Extracted material:
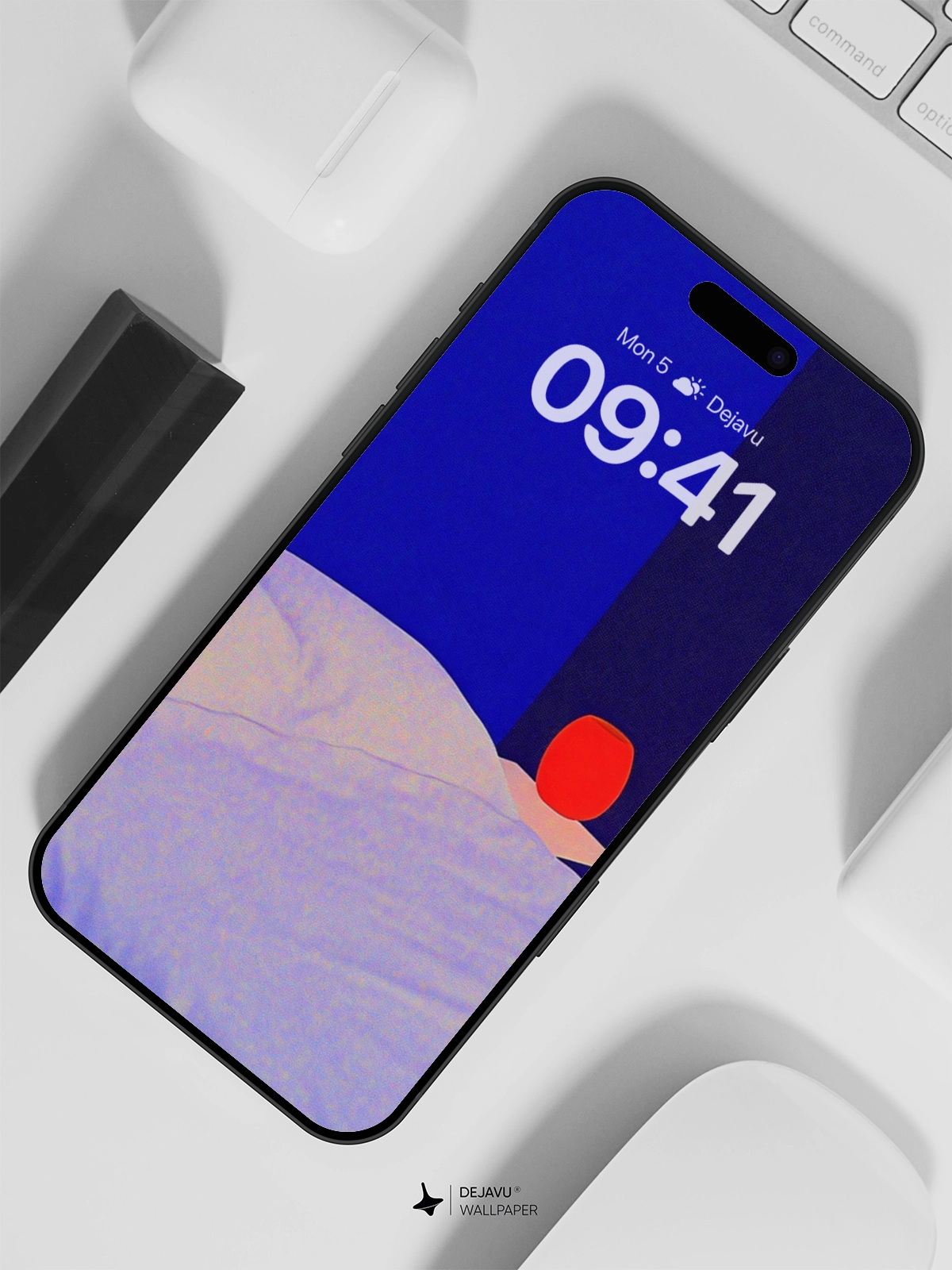 This 8K minimal aesthetic abstract tech wallpaper captures the essence of simplicity and modernity. The image showcases a serene bedroom scene with a plush white bed and a vibrant red lamp set against a deep blue background. The contrast between the soft, inviting bed and the bold, striking lamp creates a visually appealing balance. Ideal for tech enthusiasts and those who appreciate clean, modern design, this wallpaper is compatible with iPhone, Android, and tablets, offering a high-resolution, engaging backdrop that enhances any device.
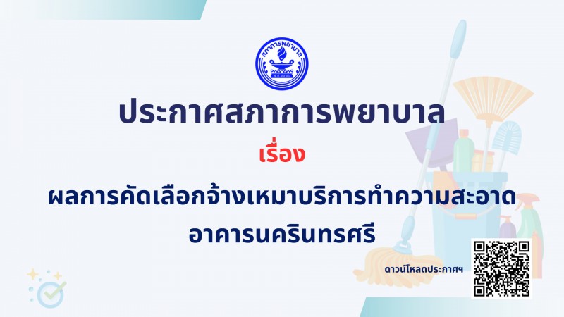 ประกาศสภาการพยาบาล เรื่อง ผลการคัดเลือกจ้างเหมาบริการทำความสะอาด อาคารนครินทรศรี
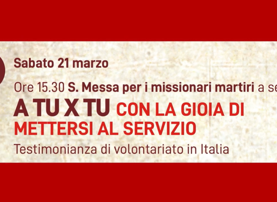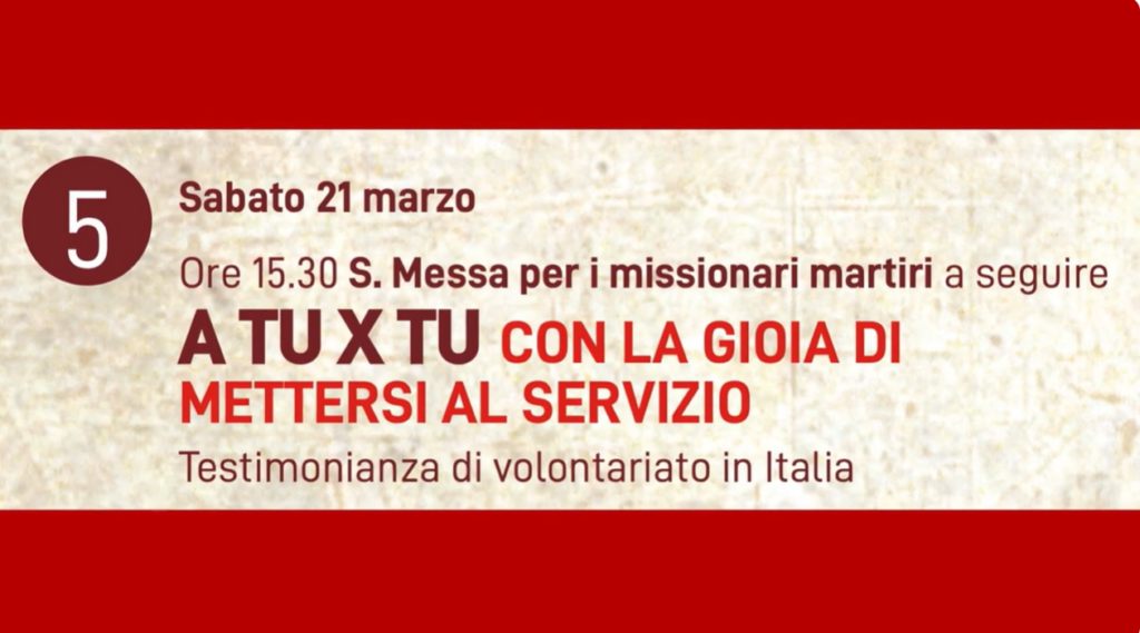 Sabato 5 aprile ci sarà il sesto incontro del cammino di formazione e discernimento per vivere esperienze in missioneL’incontro di formazione ha titolo: “A TU X […]
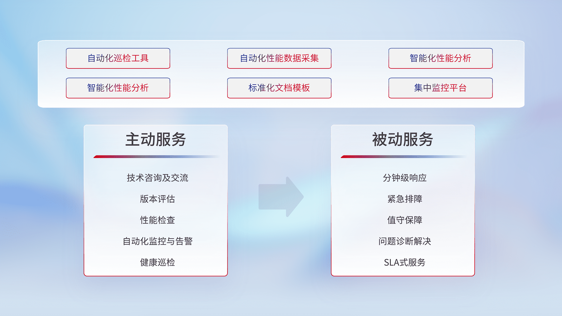 智能化工具和标准化文档,,保障服务质量,,,提供主动服务(包含技术咨询、、版本评估、、性能检查、、、、自动化监控与告警、、、健康巡检)和被动服务包含(分钟级响应、、、紧急排障、、、、值守保障、、、、问题诊断解决、、、SLA服务)。。。
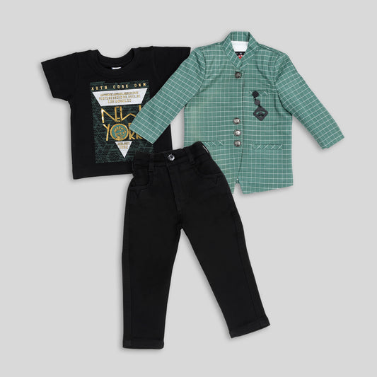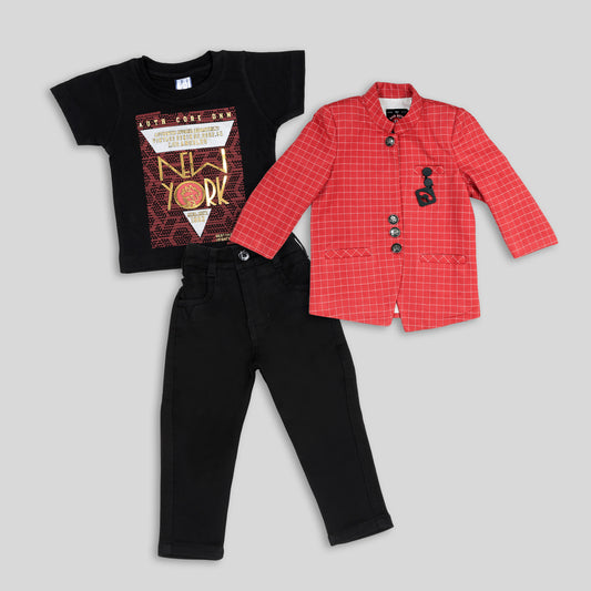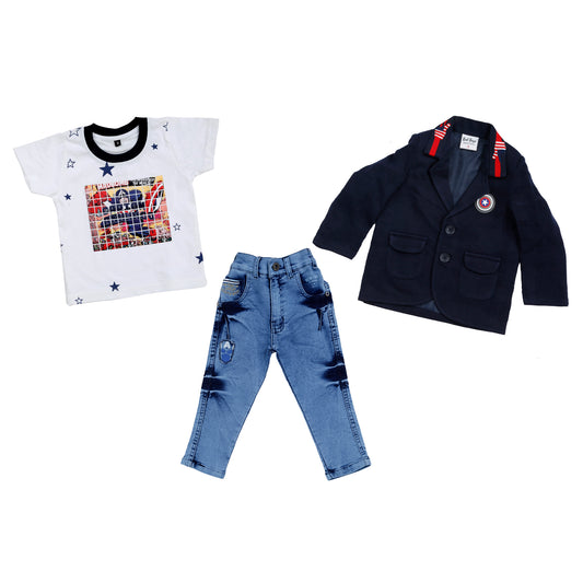 Party Wear Set With Blazer, T-shirt & Bottoms.
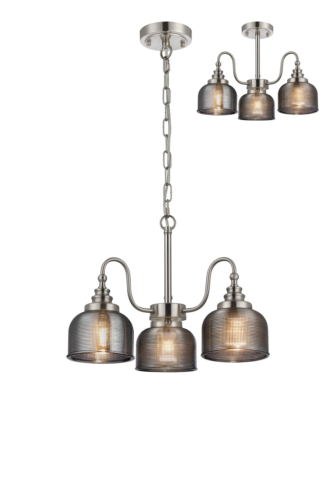 50011456 Sherborne 3 Light Pendant Satin Nickel / Smoked Glass
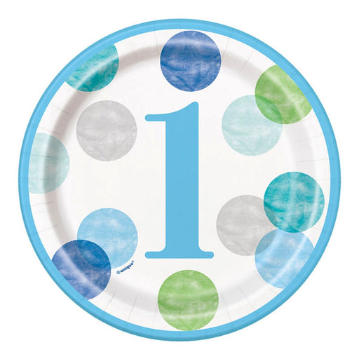 Pappteller "Dots Blau 1st Birthday" | Ø18cm/8Stk.
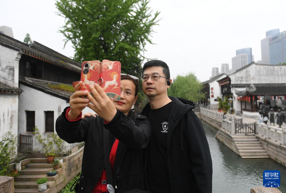 一名游客在小西街永安桥上拍摄(4月21日摄)。
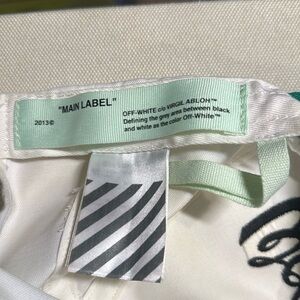 This Off-White hat showcases a vibrant green brim paired with a sleek white crown, embodying a modern and stylish look. The embroidered “woman” logo on the front adds a unique touch, making it a standout accessory. Its six-panel design ensures a comfortable and secure fit for any occasion.
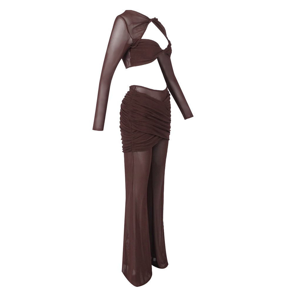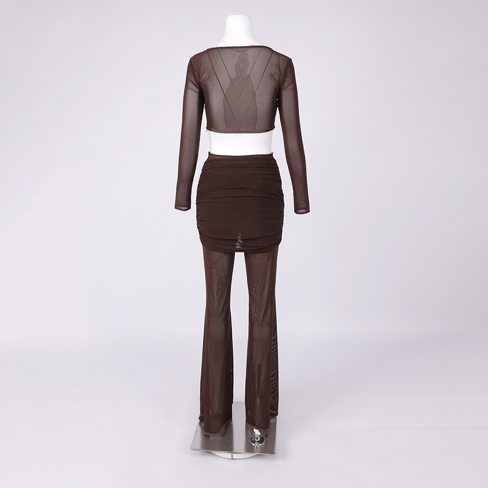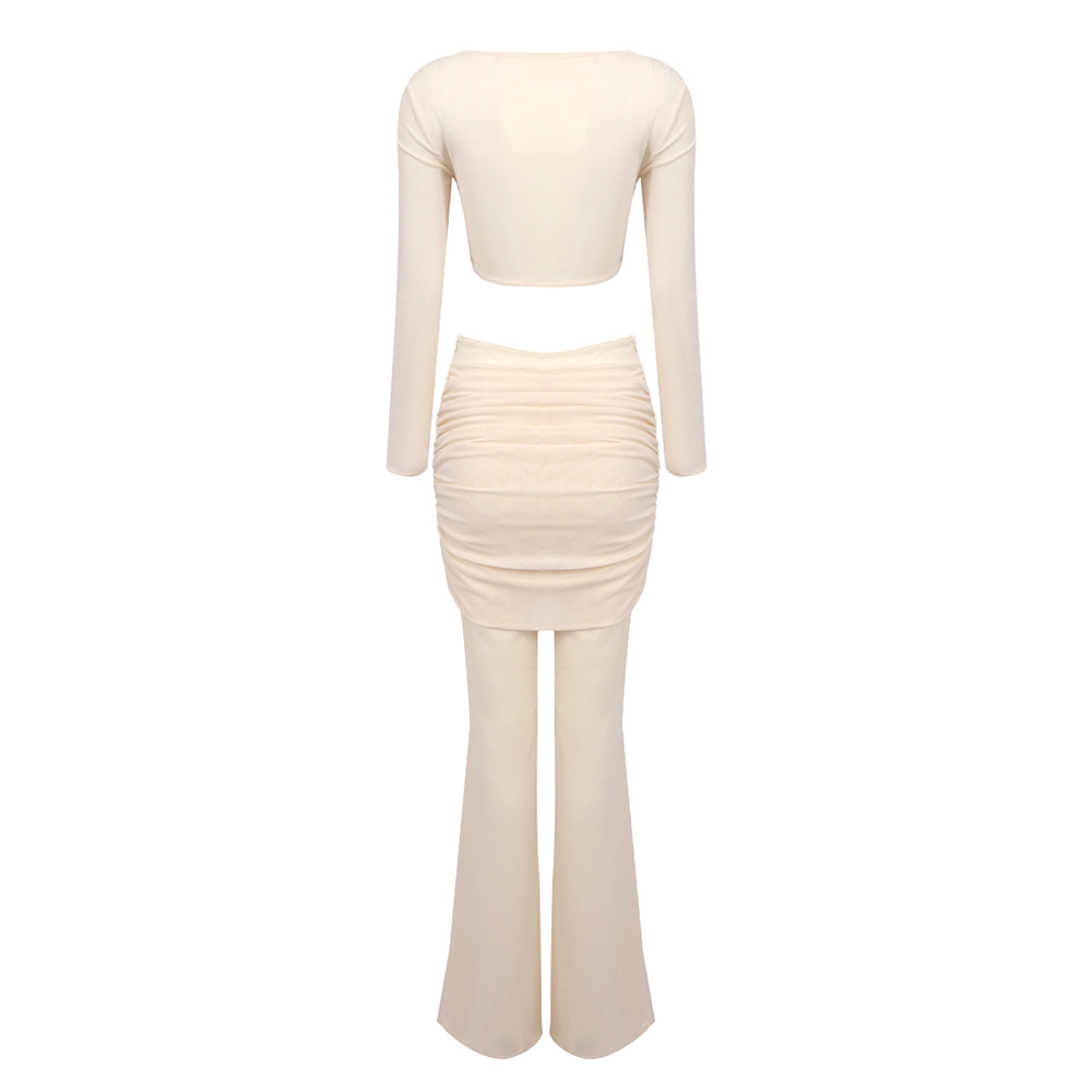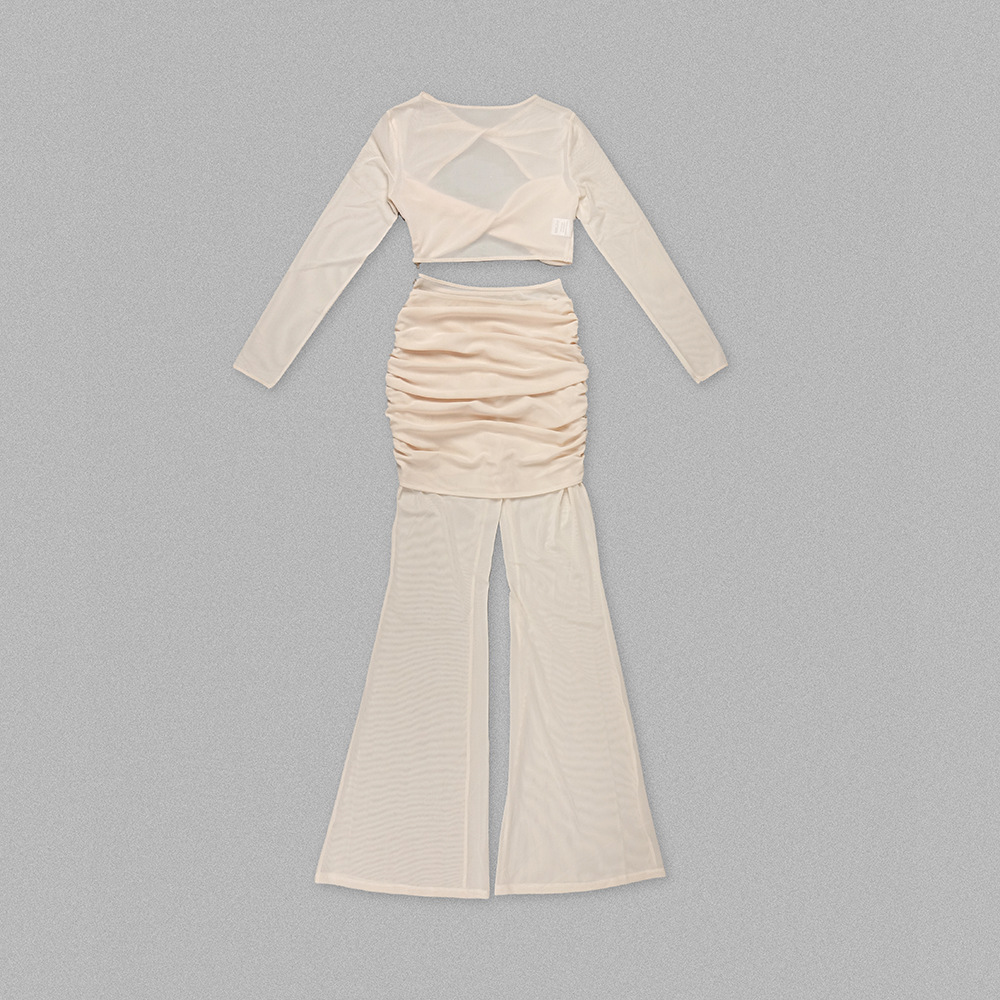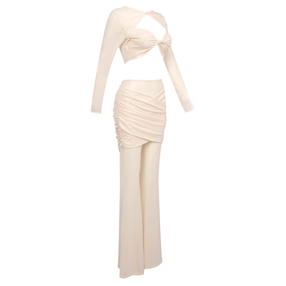 Sheer Mesh Twist Cutout 2 Piece Set - Long Sleeve Crop Top & Flared Pants Co-ord BD2513
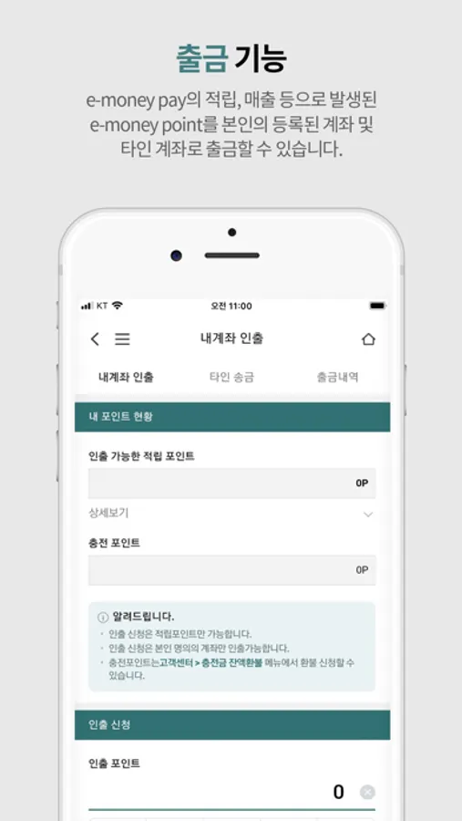 적립, 매출 등으로 발생된 e-money point를 본인의 등록된 계좌 및 타인 계좌로 출금할 수 있습니다.
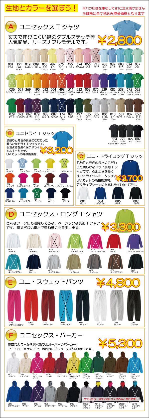 毎年販売しているオリジナルウェアですが、今年も皆様に好きな生地や色をお選び頂き、自分だけのオンリーワンウェアを作って頂こうと思います。
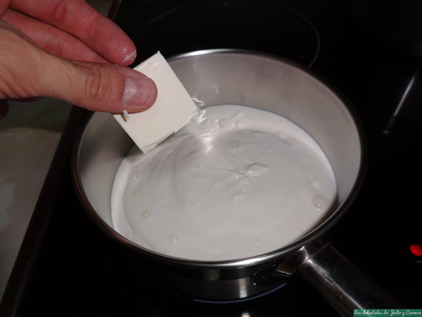 En un cazo, vertemos la nata (crema de leche) y los quesitos Kiri y los pondremos a fuego medio.
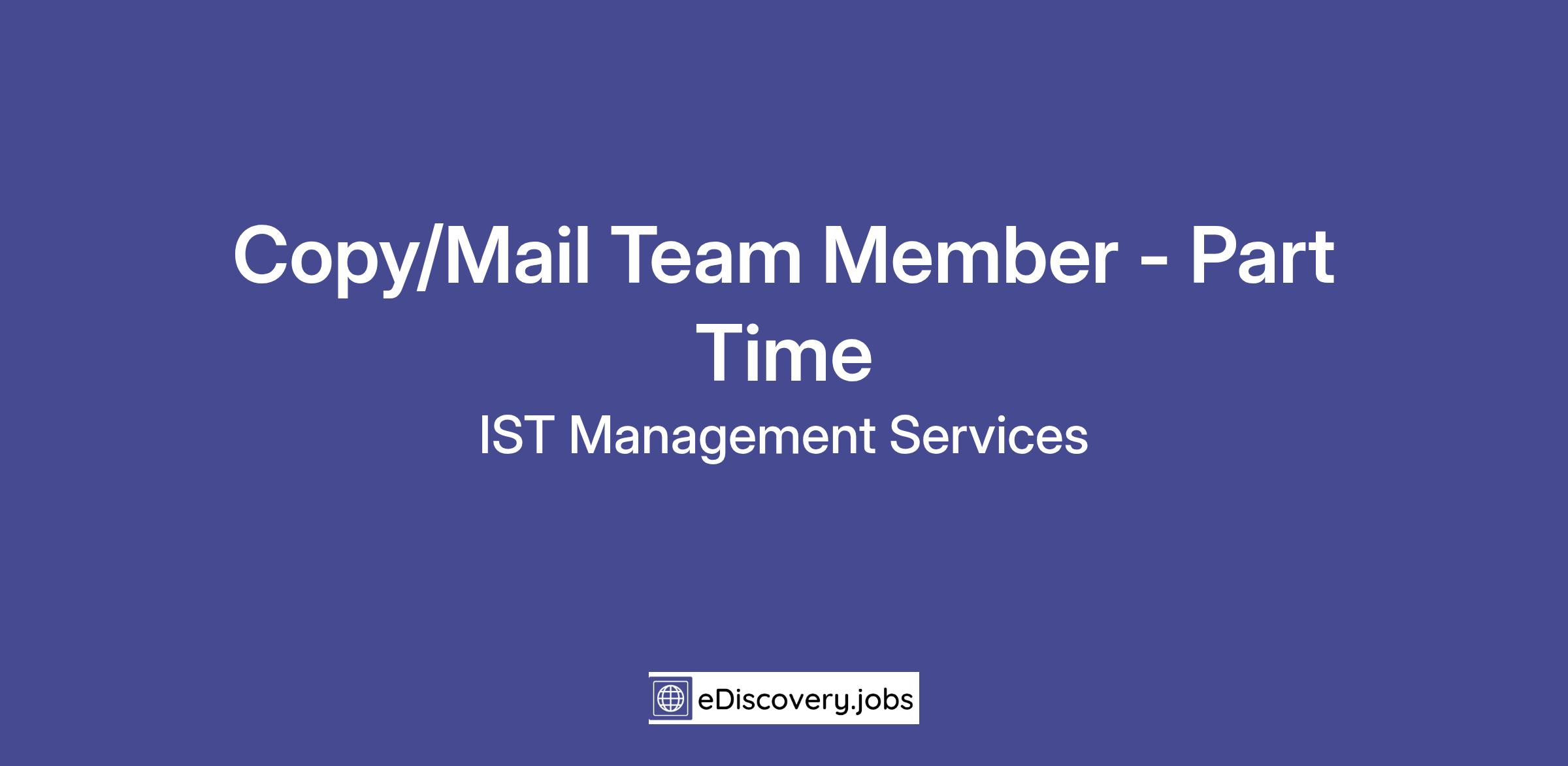 Consider a new career today as a Copy/Mail Team Member- Part-Time with IST Management Services, the fastest-growing, national, facilities management company in the industry. IST Management is a BPO Company (Business Process Outsourcing) specializing in providing solutions for the management of physical and digital information through Facilities Management, eDiscovery, and Electronic Document Management services.

Directions:
Your output must match the records word for word, apart from the images, which are left out.

Written solution:
 This 8K minimal aesthetic abstract tech wallpaper captures the essence of simplicity and modernity. The image showcases a serene bedroom scene with a plush white bed and a vibrant red lamp set against a deep blue background. The contrast between the soft, inviting bed and the bold, striking lamp creates a visually appealing balance. Ideal for tech enthusiasts and those who appreciate clean, modern design, this wallpaper is compatible with iPhone, Android, and tablets, offering a high-resolution, engaging backdrop that enhances any device.
 ประกาศสภาการพยาบาล เรื่อง ผลการคัดเลือกจ้างเหมาบริการทำความสะอาด อาคารนครินทรศรี
 Sabato 5 aprile ci sarà il sesto incontro del cammino di formazione e discernimento per vivere esperienze in missioneL’incontro di formazione ha titolo: “A TU X […]
 智能化工具和标准化文档,,保障服务质量,,,提供主动服务(包含技术咨询、、版本评估、、性能检查、、、、自动化监控与告警、、、健康巡检)和被动服务包含(分钟级响应、、、紧急排障、、、、值守保障、、、、问题诊断解决、、、SLA服务)。。。
 Party Wear Set With Blazer, T-shirt & Bottoms.
 50011456 Sherborne 3 Light Pendant Satin Nickel / Smoked Glass
 Pappteller "Dots Blau 1st Birthday" | Ø18cm/8Stk.
 一名游客在小西街永安桥上拍摄(4月21日摄)。
 This Off-White hat showcases a vibrant green brim paired with a sleek white crown, embodying a modern and stylish look. The embroidered “woman” logo on the front adds a unique touch, making it a standout accessory. Its six-panel design ensures a comfortable and secure fit for any occasion.
 Sheer Mesh Twist Cutout 2 Piece Set - Long Sleeve Crop Top & Flared Pants Co-ord BD2513
 적립, 매출 등으로 발생된 e-money point를 본인의 등록된 계좌 및 타인 계좌로 출금할 수 있습니다.
 毎年販売しているオリジナルウェアですが、今年も皆様に好きな生地や色をお選び頂き、自分だけのオンリーワンウェアを作って頂こうと思います。
 En un cazo, vertemos la nata (crema de leche) y los quesitos Kiri y los pondremos a fuego medio.
 Consider a new career today as a Copy/Mail Team Member- Part-Time with IST Management Services, the fastest-growing, national, facilities management company in the industry. IST Management is a BPO Company (Business Process Outsourcing) specializing in providing solutions for the management of physical and digital information through Facilities Management, eDiscovery, and Electronic Document Management services.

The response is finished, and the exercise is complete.